Dataset content:
++++++++

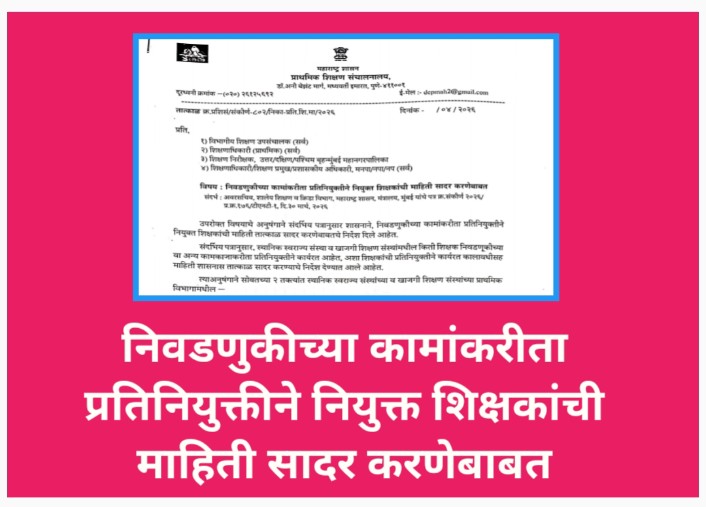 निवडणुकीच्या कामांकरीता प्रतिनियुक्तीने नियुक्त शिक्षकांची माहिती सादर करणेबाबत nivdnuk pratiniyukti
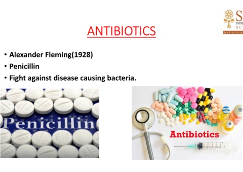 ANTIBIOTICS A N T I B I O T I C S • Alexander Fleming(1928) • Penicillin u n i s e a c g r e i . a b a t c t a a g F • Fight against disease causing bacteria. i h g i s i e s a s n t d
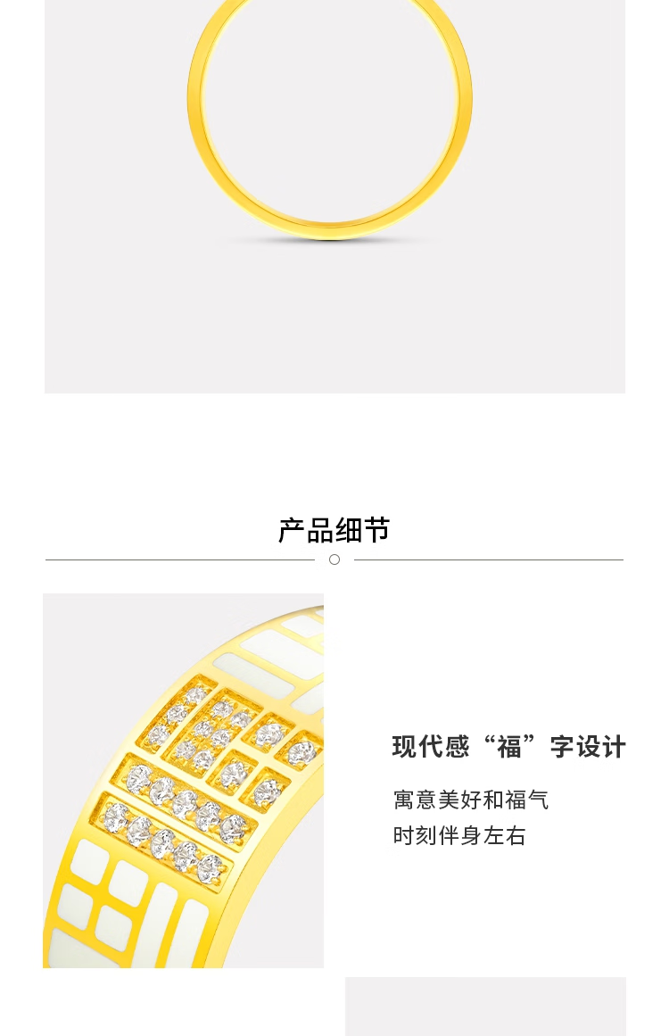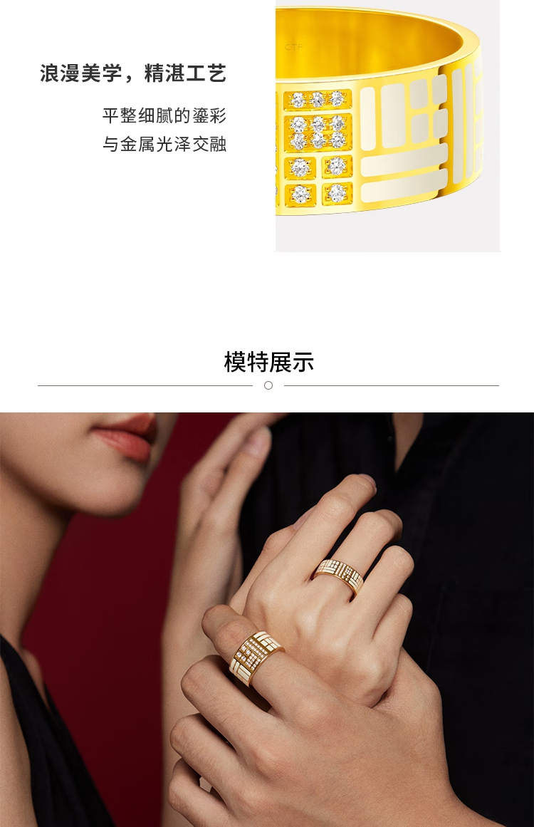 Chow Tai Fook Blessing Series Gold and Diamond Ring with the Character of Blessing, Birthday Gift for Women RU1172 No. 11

++++++++

Brief: All of the preceding material should be output verbatim, with the pictures excluded.

Answer for the task:
 निवडणुकीच्या कामांकरीता प्रतिनियुक्तीने नियुक्त शिक्षकांची माहिती सादर करणेबाबत nivdnuk pratiniyukti
 ANTIBIOTICS A N T I B I O T I C S • Alexander Fleming(1928) • Penicillin u n i s e a c g r e i . a b a t c t a a g F • Fight against disease causing bacteria. i h g i s i e s a s n t d
 Chow Tai Fook Blessing Series Gold and Diamond Ring with the Character of Blessing, Birthday Gift for Women RU1172 No. 11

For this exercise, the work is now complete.